A jatropha rush took place, with more than 900,000 hectares (2.2 million acres) planted by 2008. But the bubble burst. Low yields led to plantation failures almost everywhere. The consequences of the jatropha crash was polluted by accusations of land grabbing, mismanagement, and overblown carbon decrease claims.
Today, some researchers continue pursuing the incredibly elusive guarantee of high-yielding jatropha. A return, they state, depends on cracking the yield issue and dealing with the harmful land-use problems linked with its initial failure.
The sole remaining large jatropha plantation is in Ghana. The plantation owner claims high-yield domesticated ranges have actually been attained and a new boom is at hand. But even if this resurgence fails, the world's experience of jatropha holds crucial lessons for any appealing up-and-coming biofuel.
At the beginning of the 21st century, Jatropha curcas, an unassuming shrub-like tree belonging to Central America, was planted across the world. The rush to jatropha was driven by its pledge as a sustainable source of biofuel that could be grown on degraded, unfertile lands so as not to displace food crops. But inflated claims of high yields failed.
Now, after years of research and advancement, the sole staying large plantation focused on growing jatropha remains in Ghana. And Singapore-based jOil, which owns that plantation, claims the jatropha resurgence is on.
"All those business that stopped working, adopted a plug-and-play design of searching for the wild varieties of jatropha. But to advertise it, you need to domesticate it. This belongs of the process that was missed out on [during the boom]," jOil CEO Vasanth Subramanian informed Mongabay in an interview.
Having gained from the mistakes of jatropha's previous failures, he states the oily plant could yet play a key role as a liquid biofuel feedstock, decreasing transport carbon emissions at the international level. A new boom could bring extra benefits, with jatropha likewise a prospective source of fertilizers and even bioplastics.
But some scientists are skeptical, keeping in mind that has actually already gone through one hype-and-fizzle cycle. They warn that if the plant is to reach complete potential, then it is necessary to learn from past errors. During the first boom, jatropha plantations were obstructed not just by bad yields, however by land grabbing, deforestation, and social problems in nations where it was planted, consisting of Ghana, where jOil operates.

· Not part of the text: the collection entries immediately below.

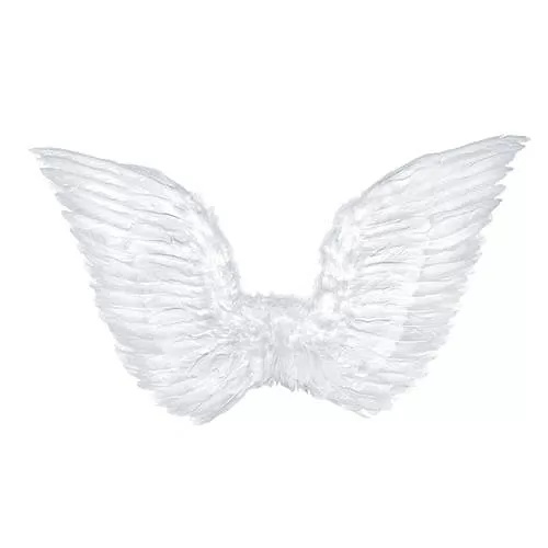 Andělská křídla jsou vyrobena z bílého prachového peří, čistě bílá, bez třpytek a netřepí se, vypadají tedy velmi reálně. Jednoduše se křídla nasadí na ramena pomocí přišité gumy. Mají větší rozměry, jsou tedy vhodné spíše pro dospělé.
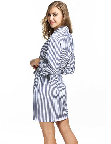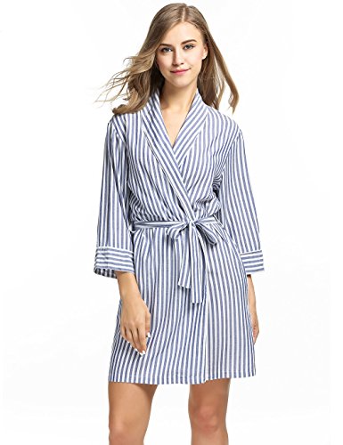 Product DescriptionHalife Women's Long Sleeve Striped Short Robe Lounge Sleepwear Kimono Bathrobe0
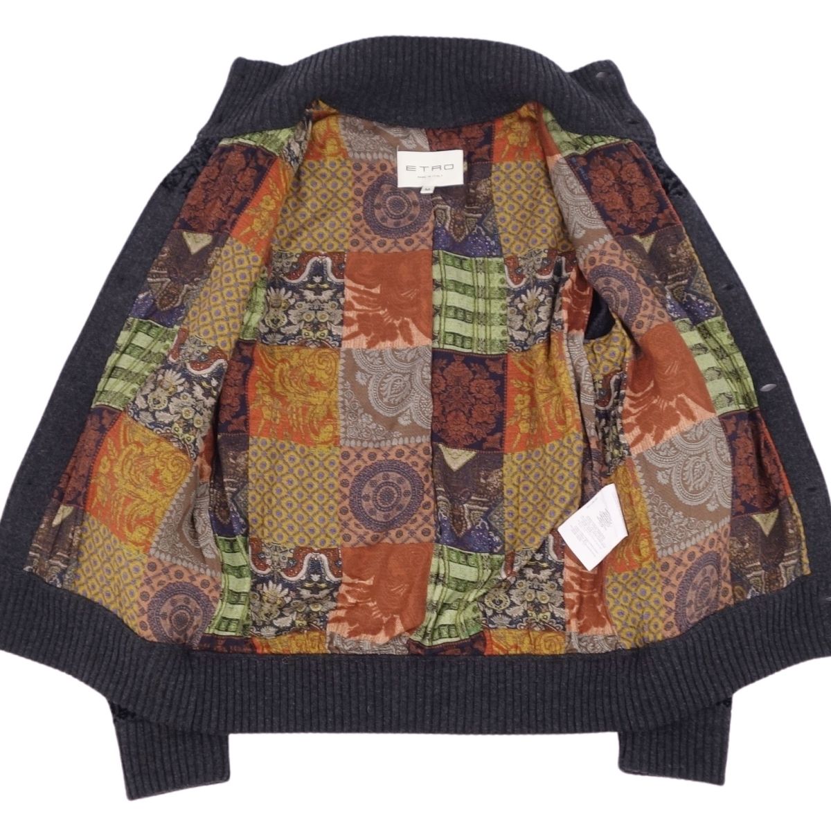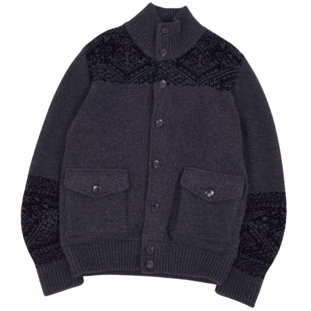 エトロ ETRO カーディガン ニット セーター ロングスリーブ ハイネック イタリア製 ウール トップス メンズ ダークグレー/ブラック サイズM
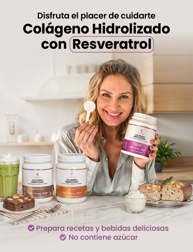 Nuestra fórmula de colágeno está enriquecida con Resveratrol, Vitamina E y Vitamina C, ingredientes clave para tu belleza y bienestar.
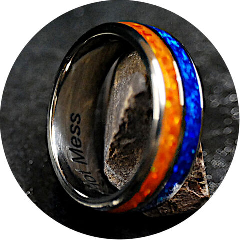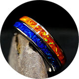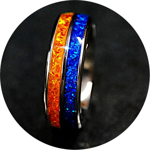 Orange Fire & Blue Ice Crushed Opal Ring inlaid on Titanium 8mm Band. Twin Flame Ring for Unisex!
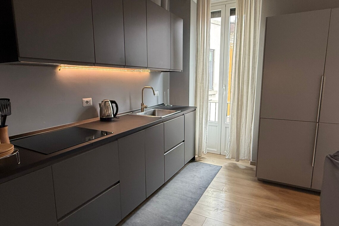 You’ll also benefit from air conditioning with two split units, fast Internet connection, and a 42″ flat-screen TV. Central heating, included in the building expenses, ensures maximum comfort during all seasons. Therefore, this bright apartment in Via Fiamma is one of the most comfortable two-bedroom apartments in Milan for medium-term stays.

Experts also suggest that jatropha's tale provides lessons for scientists and entrepreneurs exploring promising new sources for liquid biofuels - which exist aplenty.
Miracle shrub, major bust
Jatropha's early 21st-century appeal stemmed from its guarantee as a "second-generation" biofuel, which are sourced from lawns, trees and other plants not stemmed from edible crops such as maize, soy or oil palm. Among its numerous purported virtues was an ability to thrive on abject or "marginal" lands; therefore, it was declared it would never ever take on food crops, so the theory went.
At that time, jatropha ticked all packages, states Alexandros Gasparatos, now at the University of Tokyo's Institute for Future Initiatives. "We had a crop that seemed amazing; that can grow without too much fertilizer, too lots of pesticides, or too much demand for water, that can be exported [as fuel] abroad, and does not complete with food since it is toxic."
Governments, global agencies, financiers and business bought into the hype, releasing efforts to plant, or promise to plant, millions of hectares of jatropha. By 2008, plantations covered some 900,000 hectares (2.2 million acres) in Latin America, Africa and Asia, according to a market research study prepared for WWF.
It didn't take wish for the mirage of the incredible biofuel tree to fade.
In 2009, a Buddies of the Earth report from Eswatini (still known at the time as Swaziland) warned that jatropha's high needs for land would undoubtedly bring it into direct conflict with food crops. By 2011, a global evaluation noted that "growing outmatched both clinical understanding of the crop's capacity along with an understanding of how the crop fits into existing rural economies and the degree to which it can grow on marginal lands."
Projections estimated 4.7 million hectares (11.7 million acres) would be planted by 2010, and 12.8 million hectares (31.6 million acres) by 2015. However, just 1.19 million hectares (2.94 million acres) were growing by 2011. Projects and plantations began to fail as anticipated yields declined to materialize. Jatropha could grow on abject lands and endure drought conditions, as declared, but yields stayed bad.
"In my viewpoint, this combination of speculative financial investment, export-oriented capacity, and prospective to grow under relatively poorer conditions, produced a huge issue," resulting in "ignored yields that were going to be produced," Gasparatos states.
As jatropha plantations went from boom to bust, they were also pestered by ecological, social and economic troubles, state experts. Accusations of land grabs, the conversion of food crop lands, and clearing of natural areas were reported.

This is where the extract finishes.